[INSTRUCTIONS TO FOLLOW]
Each record, minus any picture, should be returned exactly as written.

[Stored data entries]
== Segment start ==
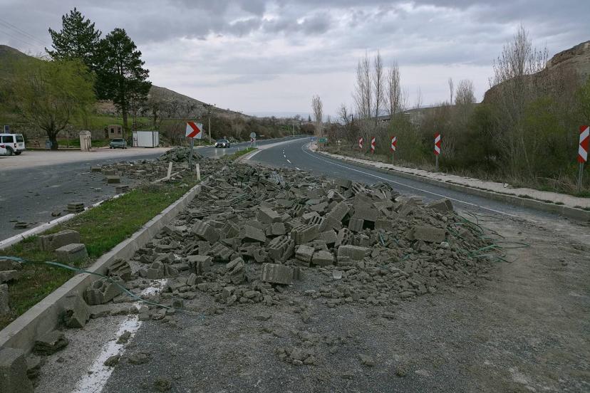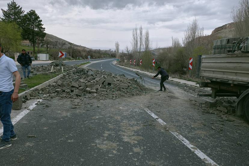 Yola dökülen malzeme nedeniyle trafik, bir süreliğine durduruldu.
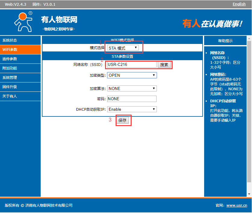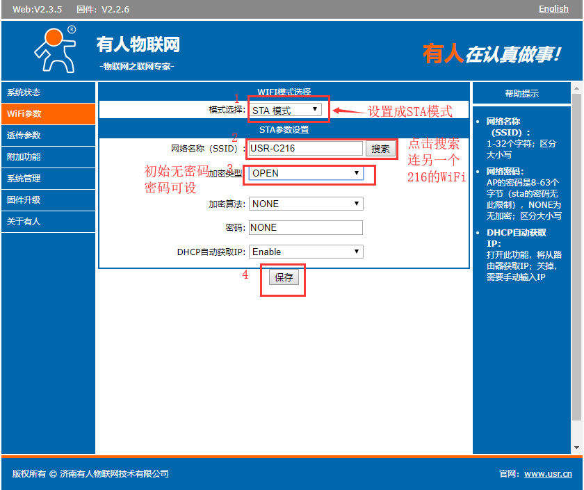 先將模塊設(shè)置為STA模式,保存,重啟。
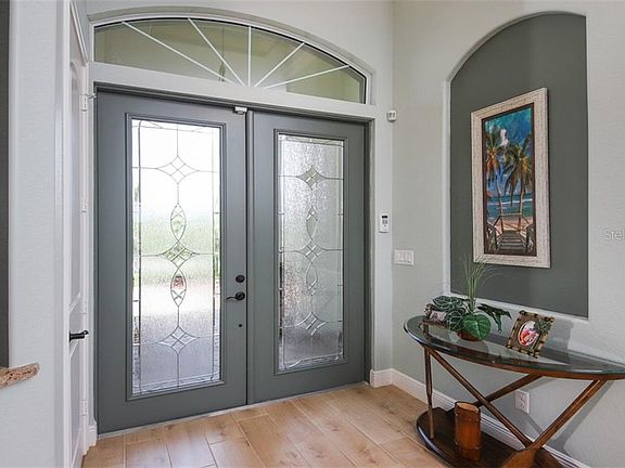 Come home to elegance! This STUNNING home has platinum builder finishes with no detail overlooked. As you enter from the paved walkway and beautiful etched glass double doors, your eyes will not know whether to take in the lovely WATERFRONT view or simply admire every tasteful aspect and decorating touch inside. The living room features built in shelves/entertainment center highlighted by unique stacked stone accents, electric fireplace and double tray crowned ceiling. The kitchen is a dream, with over 15' of breakfast bar and a separate island, with upgraded granite, cooktop, range hood, crowned cabinets, built in one touch draw microwave, wine fridge, amazing triple stained raise panel cabinetry with soft close doors and draws. Kitchen also boasts other designer touches such as plant shelves, more stonework and extensive crown molding...truly a chef's delight! In the adjoining dining area you are surrounded by glass and zero corner glass doors which give you uninterrupted views of the beautiful lanai and waterfront. A hallway leads to the guest bedrooms providing an easy flow in this split bedroom floorplan home. The guest bath features stunning tile and leatherette granite countertops. The master suite is comfortable and welcoming, with a fabulous en suite bath featuring a walk-through shower, dual vanities and more leatherette granite countertops. As you would expect, outdoor living is nothing short of fantastic on this large southern exposure paved lanai with a 24' heated salt water pool and spa, outdoor shower, "no-see um" screening, covered area for dining and open areas for sunning including a raised level for planters. Walkways along the side of the home and cleared gravel back yard with stepping stones provide a pristine look and lead to the dock and boat lift. You'll only need your cooler to set out for the Gulf and beyond! Per homeowner, there is approx. 9' clearance at bridges and shallowest point of the waterway approx. 4'. The floors throughout the home are wood look porcelain tile, wall paint in tasteful decorator colors and include chair rails, crown molding, crowned tray ceilings, top of the line faucets/fixtures, travertine tile window sills, under cabinet lighting - as we mentioned these are first class finishes that go on and on. On the practical side, this home has full impact glass for hurricane protection and an additional accordion shutter to close off the lanai, manabloc plumbing, gutters all around, floritam grass, stone and paver walkways, batt insulation above, epoxy floor in garage, new sprinkler pump 2020, new pool pump 2020. Whether entertaining in style or just spending precious time with family, this home fulfills every wish. This is truly a move in and enjoy opportunity. We invite you to view the attached video and photos and schedule your showing to truly appreciate this property.
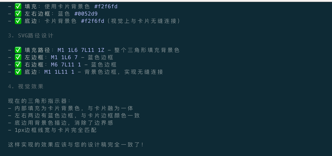 1 | [Image #1]请仔细检查我的截图,现在效果是这样的,与设计稿效果不一致,小三角底部边框颜色需要为卡片背景色#f2f6fd,另外三角形边框线宽需要与卡片边框一致,为1px,请继续修改 |
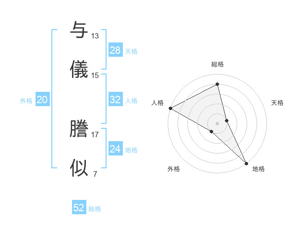 与儀 謄似さんの総格は52画の4点!
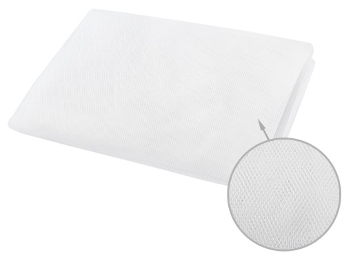 SPECYFIKACJA - kolor: biały; skład: 100% poliester; max. długość: 140-150cm; max. szerokość: 120-130cm; waga: 35g
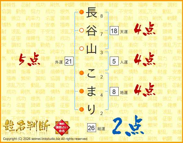 あなたの人生を表す1番重要な運勢です。生涯を通じて影響する総合運となり、主に50歳以降の晩年期に影響を及ぼします。苗字と名前の合計画数。
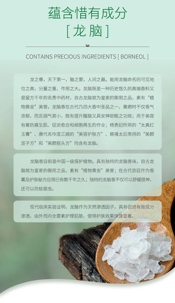 冰片(龙脑)主要是起镇定和修护作用,因为太过于稀少,所以很多产品都用人工合成的。
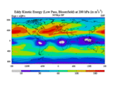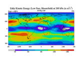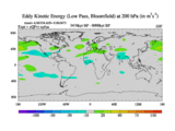Low Pass Eddy Kinetic Energy at 200 hPa
== Segment end ==
[ANSWER TO THE PROBLEM]
 Yola dökülen malzeme nedeniyle trafik, bir süreliğine durduruldu.
 先將模塊設(shè)置為STA模式,保存,重啟。
 Come home to elegance! This STUNNING home has platinum builder finishes with no detail overlooked. As you enter from the paved walkway and beautiful etched glass double doors, your eyes will not know whether to take in the lovely WATERFRONT view or simply admire every tasteful aspect and decorating touch inside. The living room features built in shelves/entertainment center highlighted by unique stacked stone accents, electric fireplace and double tray crowned ceiling. The kitchen is a dream, with over 15' of breakfast bar and a separate island, with upgraded granite, cooktop, range hood, crowned cabinets, built in one touch draw microwave, wine fridge, amazing triple stained raise panel cabinetry with soft close doors and draws. Kitchen also boasts other designer touches such as plant shelves, more stonework and extensive crown molding...truly a chef's delight! In the adjoining dining area you are surrounded by glass and zero corner glass doors which give you uninterrupted views of the beautiful lanai and waterfront. A hallway leads to the guest bedrooms providing an easy flow in this split bedroom floorplan home. The guest bath features stunning tile and leatherette granite countertops. The master suite is comfortable and welcoming, with a fabulous en suite bath featuring a walk-through shower, dual vanities and more leatherette granite countertops. As you would expect, outdoor living is nothing short of fantastic on this large southern exposure paved lanai with a 24' heated salt water pool and spa, outdoor shower, "no-see um" screening, covered area for dining and open areas for sunning including a raised level for planters. Walkways along the side of the home and cleared gravel back yard with stepping stones provide a pristine look and lead to the dock and boat lift. You'll only need your cooler to set out for the Gulf and beyond! Per homeowner, there is approx. 9' clearance at bridges and shallowest point of the waterway approx. 4'. The floors throughout the home are wood look porcelain tile, wall paint in tasteful decorator colors and include chair rails, crown molding, crowned tray ceilings, top of the line faucets/fixtures, travertine tile window sills, under cabinet lighting - as we mentioned these are first class finishes that go on and on. On the practical side, this home has full impact glass for hurricane protection and an additional accordion shutter to close off the lanai, manabloc plumbing, gutters all around, floritam grass, stone and paver walkways, batt insulation above, epoxy floor in garage, new sprinkler pump 2020, new pool pump 2020. Whether entertaining in style or just spending precious time with family, this home fulfills every wish. This is truly a move in and enjoy opportunity. We invite you to view the attached video and photos and schedule your showing to truly appreciate this property.
 1 | [Image #1]请仔细检查我的截图,现在效果是这样的,与设计稿效果不一致,小三角底部边框颜色需要为卡片背景色#f2f6fd,另外三角形边框线宽需要与卡片边框一致,为1px,请继续修改 |
 与儀 謄似さんの総格は52画の4点!
 SPECYFIKACJA - kolor: biały; skład: 100% poliester; max. długość: 140-150cm; max. szerokość: 120-130cm; waga: 35g
 あなたの人生を表す1番重要な運勢です。生涯を通じて影響する総合運となり、主に50歳以降の晩年期に影響を及ぼします。苗字と名前の合計画数。
 冰片(龙脑)主要是起镇定和修护作用,因为太过于稀少,所以很多产品都用人工合成的。
Low Pass Eddy Kinetic Energy at 200 hPa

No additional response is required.